Each record that follows should be repeated exactly, minus any images.

### Study material
== == ==

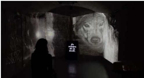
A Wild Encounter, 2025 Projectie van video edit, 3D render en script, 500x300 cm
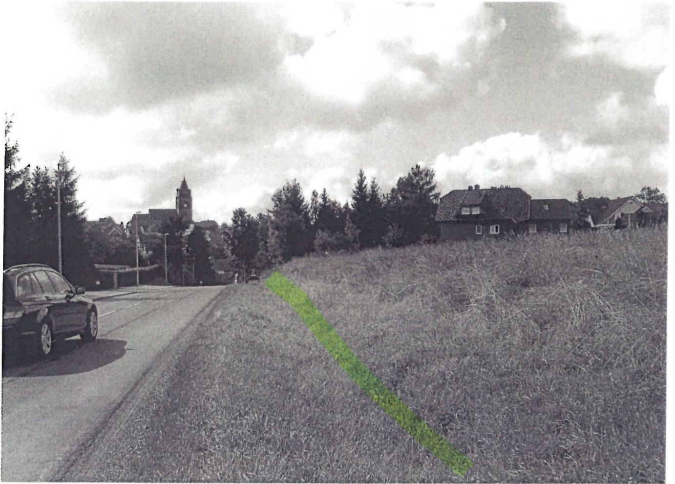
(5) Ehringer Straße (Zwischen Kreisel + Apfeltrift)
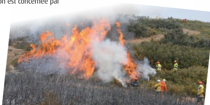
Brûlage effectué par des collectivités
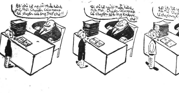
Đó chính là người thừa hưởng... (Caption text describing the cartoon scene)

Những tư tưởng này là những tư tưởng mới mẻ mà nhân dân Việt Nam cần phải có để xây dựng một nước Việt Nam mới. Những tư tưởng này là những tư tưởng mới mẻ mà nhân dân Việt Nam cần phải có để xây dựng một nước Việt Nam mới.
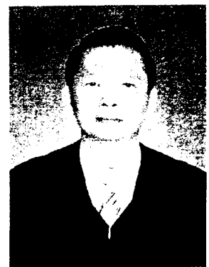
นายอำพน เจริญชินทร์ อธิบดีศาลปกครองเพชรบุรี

== == ==

### Your response
A Wild Encounter, 2025 Projectie van video edit, 3D render en script, 500x300 cm
(5) Ehringer Straße (Zwischen Kreisel + Apfeltrift)
Brûlage effectué par des collectivités
Đó chính là người thừa hưởng... (Caption text describing the cartoon scene)

Những tư tưởng này là những tư tưởng mới mẻ mà nhân dân Việt Nam cần phải có để xây dựng một nước Việt Nam mới. Những tư tưởng này là những tư tưởng mới mẻ mà nhân dân Việt Nam cần phải có để xây dựng một nước Việt Nam mới.
นายอำพน เจริญชินทร์ อธิบดีศาลปกครองเพชรบุรี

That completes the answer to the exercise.